» YOUR OBJECTIVE
In the entries that follow, repeat exactly the lines from the one that has "Рис. 18. Первая обрезка осенью на две почки" through the one that has "Description: A woman", but omit pictures.

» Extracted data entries
%%

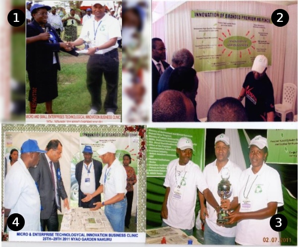 Clockwise: (1). Congratulatory hand shake from the Vice Chancellor of Kenyatta University Prof. Mabel O. Imbuga. (2). Presentation to the late Former President of the Republic of Kenya His Excellency, Mwai Kibaki. (3). Davies and Team displaying the Trophy they Won for their outstanding innovation project. (4). Davies and team receive to the stand, Prof. Shaukat A. Abdulrazak, C.E.O Kenya's National Commision for Science Technology and Innovation (NACOSTI)
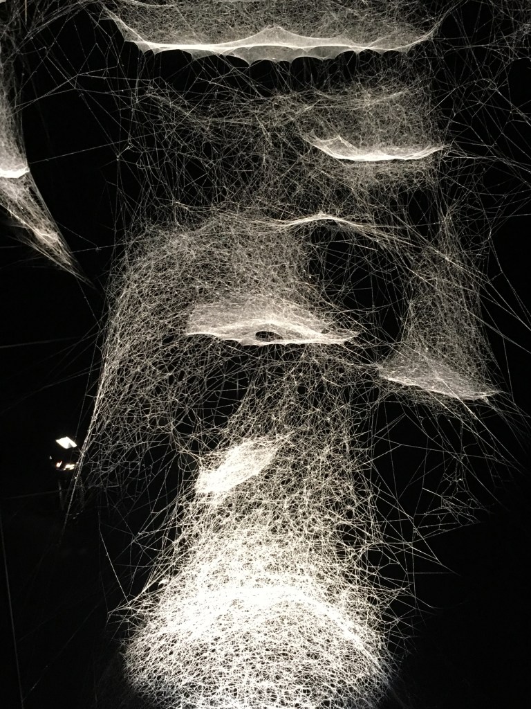 Voir son corps déformé, perturbé par des miroirs infidèles, le sentir liquide, le penser fondant, fondu, fantôme ; se mouvoir dans un espace inconnu découvert au seul son de la musique et des pas feutrés sur les lignes noires et blanches ondulant sur le sol à mesure du passage des corps…
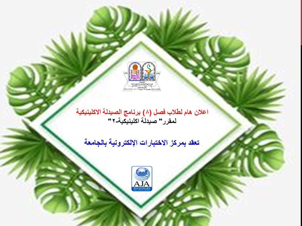 (تعديل) اعلان هام لطلاب فصل (8) برنامج الصيدلة الاكلينيكية من يوم الخميس الموافق 14 أبريل إلى 27 أبريل 2022 لمقرر" صيدلة اكلينيكية-2" من 3 عصراً 24 أبريل 2022 اضغط قائمة أسماء طلاب فصل (8) برنامج الصيدلة الاكلينيكية مقرر " صيدلة اكلينيكية-2"
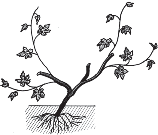 Рис. 18. Первая обрезка осенью на две почки
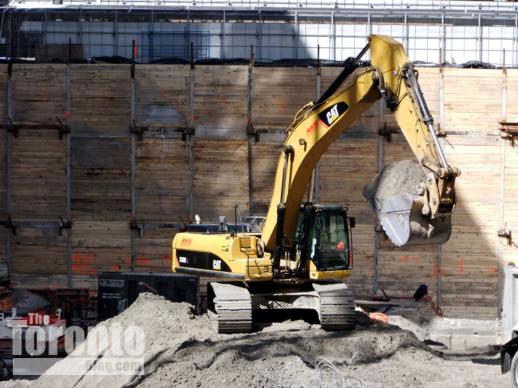 March 25 2011: Digging deeper at the north end of the site, to prepare for installation of a second construction crane the next day
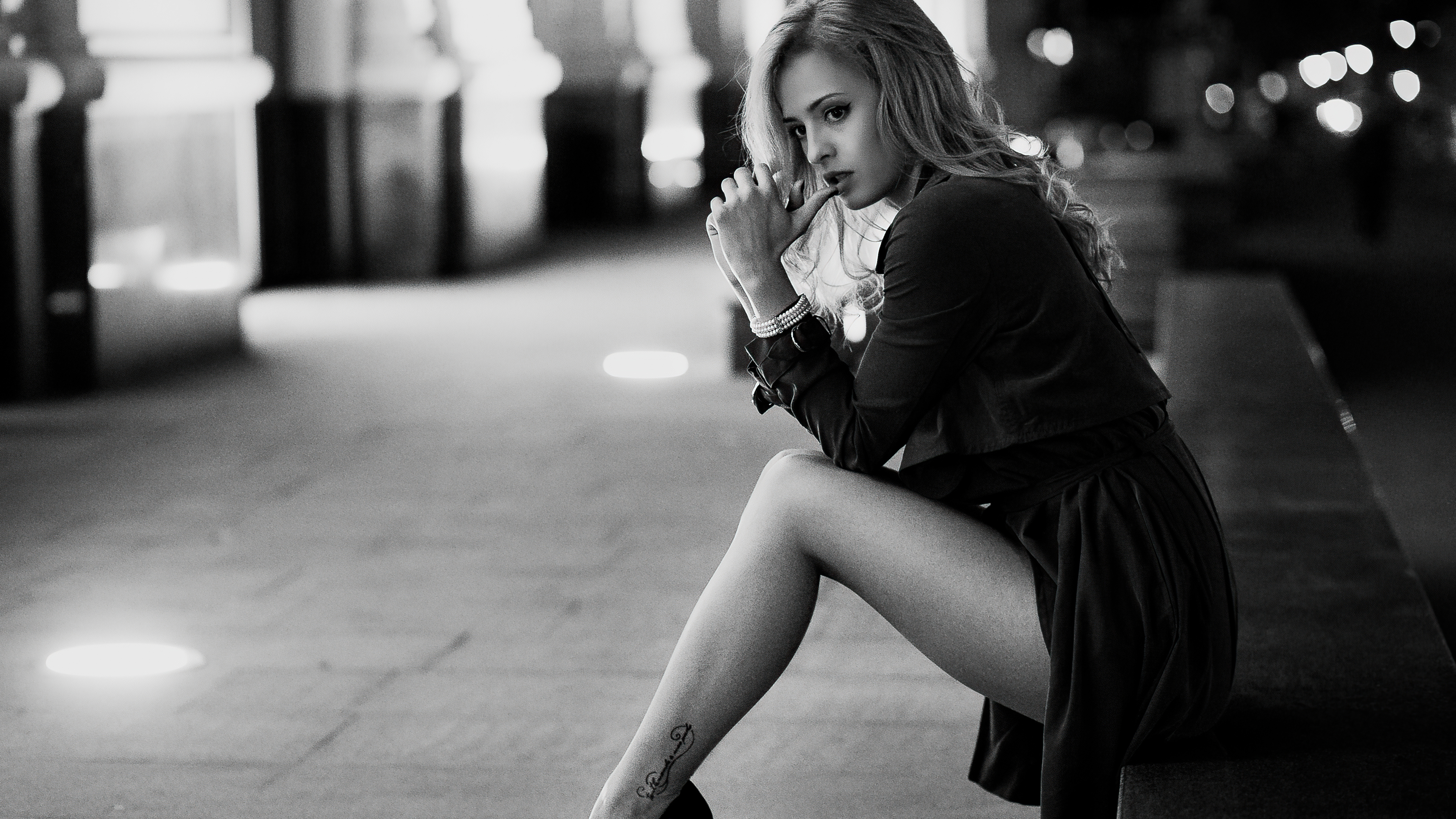 Description: A woman sitting on a curb smoking a cigarette and looking at the camera with a cigarette in her mouth.
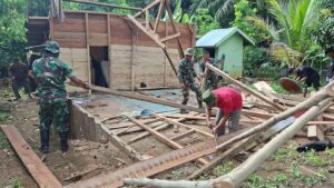 Suasana pagi penuh semangat gotong royong. TNI dan masyarakat bahu membahu mengangkat dan merobohkan bagian-bagian rumah yang lama guna tahap awal dari pembangunan yang baru. Meski kondisi cuaca cukup panas, hal tersebut tidak menyurutkan semangat para personel dan warga dalam menyukseskan kegiatan sosial ini.
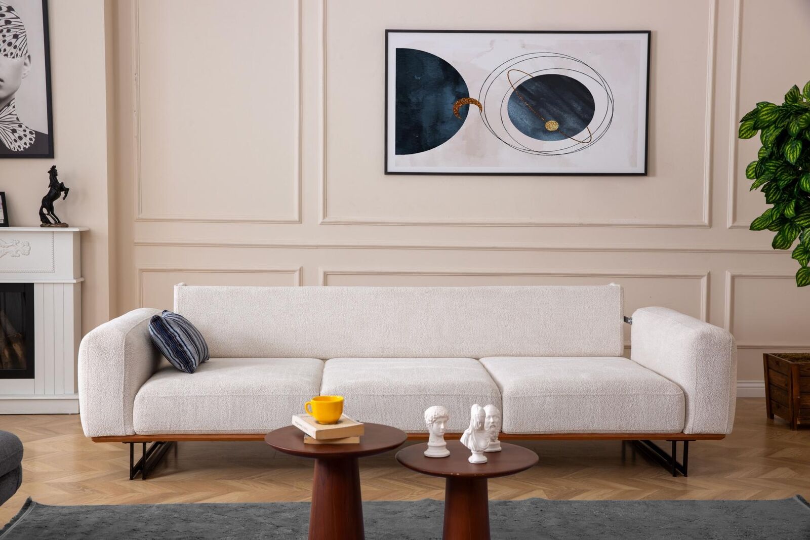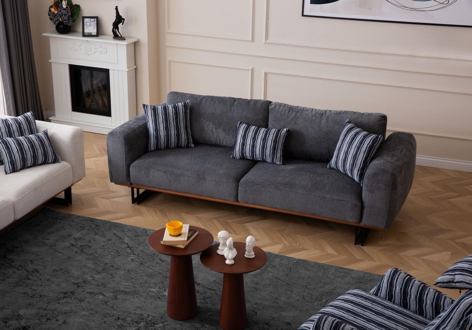 Dës hochwerteg Garnitur kombinéiert en haltbare Materialien-Mix aus Holz an Textil, wat net nëmmen eng super Ästhetik bitt, mee och dauerhaft an haltbar ass. D'Faarf vum Set, wéi ofgebilt, erméiglecht eng einfach Integratioun an all Interieur-Stil. Et ass ideal fir déi familiär Versammlung oder fir Entspanung nom laangen Dag. Ob Dir eppes liese wëllt, film kucken oder einfach relaxe wëllt, dës Sofa Garnitur bitt de perfekte Plaz. Bréngt e modernt a rafinéiert Element an Äert Heem mat dësem stilvollen a praktesche Set.

%%

» TASK OUTPUT
 Рис. 18. Первая обрезка осенью на две почки
 March 25 2011: Digging deeper at the north end of the site, to prepare for installation of a second construction crane the next day
 Description: A woman sitting on a curb smoking a cigarette and looking at the camera with a cigarette in her mouth.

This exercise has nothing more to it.